Based on these constraints, I settled on Demucs²³ and MelBandRoFormer⁴. These are well established approaches, each with its specific strength. There is no canonical way of running inference for either these models, so I settled on creating a small Python module to export them into ONNX, which can then be used in conjunction with Ort to run local inference.

First off, let’s take a quick look at how these models are structured, the challenges the architectures present to ONNX export and a quick and easy approach to solving those challenges.

Demucs

Demucs architecture

Demucs is a hybrid model that processes input both in the time-domain and the frequency-domain. In short, the time-domain branch operates on the raw values of the waveform (real numbers) while the time-frequency branch operates on the spectrogram of this waveform (complex numbers), immediately converting this spectrogram to a magnitude spectrum, which can be processed by the convolutional and transformer layers, and then inverting the result of this process. These two branches are then fused to return the separated stems⁵.

MelBandRoFormer

MelBandRoFormer architecture

MelBandRoFormer takes a completely different approach from Demucs, making use of a band-split mechanism, by which transformer units attribute different weights to different frequency bands of the input signal. The frequency bands are chosen to model human perception of sound, using Mel spectrograms.

ONNX

ONNX⁶ is the de facto open source format for all things AI and ML. Its major strengths are the interoperability and OOTB optimizations it provides, which made it a no brainer in Ripper.

However, there is a major hurdle in using this format for the models I’ve chosen. The usage of complex-valued in the previous architectures is completly at the odds with the ONNX format, which does not cleanly support complex valued tensors and operations. The suggested solution for these is using a specific onnx runtime and substituting these operation for matrix multiplications. This would require me to reimplement the whole frequency branch in Rust, which is something I really didn’t want to have to do.

To work around this, I follow the approach taken by Mixxx in their handling of Demucs, and express the Short-Time Fourier Transform (STFT) and Inverse Short-Time Fourier Transform (ISTFT) using pairs of real valued tensors, one for the sine, another for the cosine components.
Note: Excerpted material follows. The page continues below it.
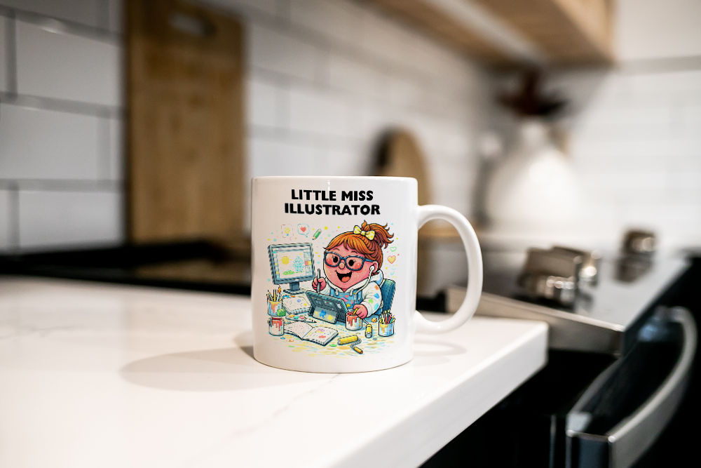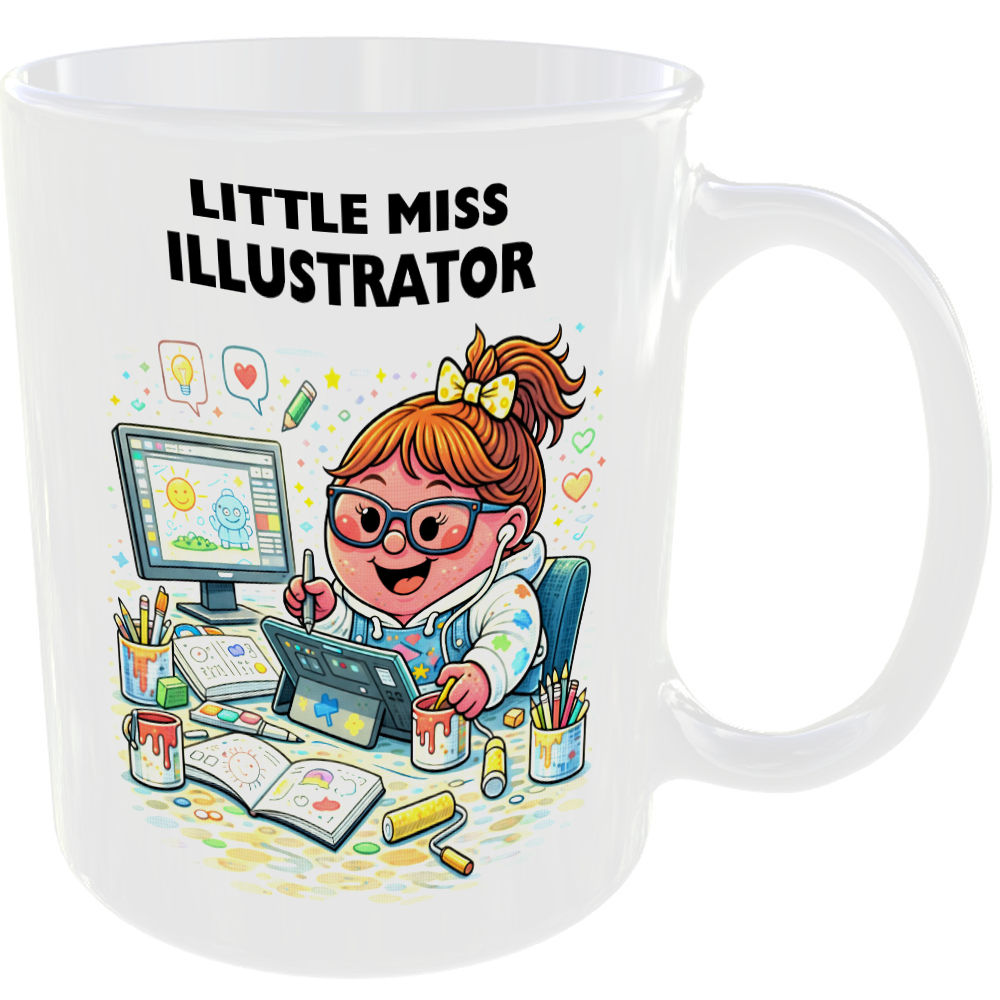 Playful Little Miss design featuring ‘Little Miss Illustrator’, with clean flat cartoon artwork and bold rounded text.
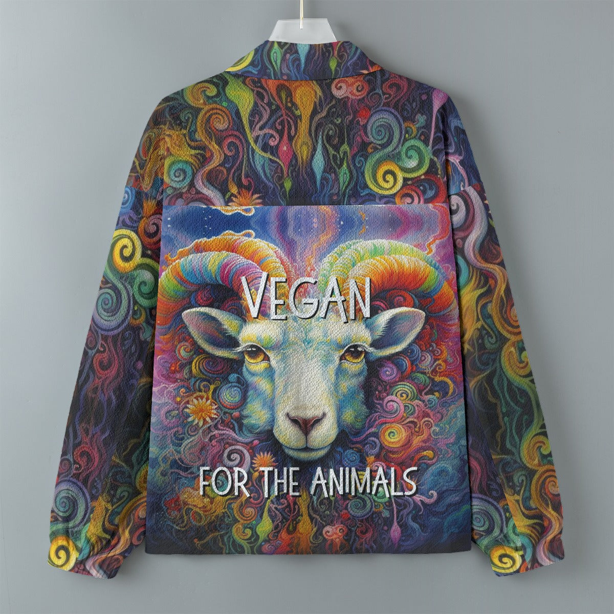 This is your go-to piece for vegan activism! This lightweight lapel jacket is sure to turn heads with its vibrant colors and unmistakable vegan style. Let your look do the talking and show your commitment to the cause with this hip vegan-friendly jacket. Spread the word, and make a statement!

This is a standard approach when dealing with complex numbers, and requires only a small amount of Python code.

The state of GPU programming in Rust is improving by the day, and the work being done by the fine folks at Rust-GPU is inspiring, and has lead me to many a session of banging my head against the wall attempting to tackle with Vulkan and SPIR-V. ↩︎
Rouard, S., Massa, F., & Defossez, A. (2023). Hybrid Transformers for Music Source Separation. In ICASSP 23. ↩︎
Défossez, A. (2021). Hybrid Spectrogram and Waveform Source Separation. In Proceedings of the ISMIR 2021 Workshop on Music Source Separation. ↩︎
Ju-Chiang Wang, Wei-Tsung Lu, & Minz Won. (2023). Mel-Band RoFormer for Music Source Separation. ↩︎
Stems are audio-production shorthand for a collection of similar tracks. Taking drums as an example, a single drums stem might have upwards of 10 tracks (one for the bass drum, one for the snare, one for each cymbal, one for each tom, etc). ↩︎
https://onnx.ai/ ↩︎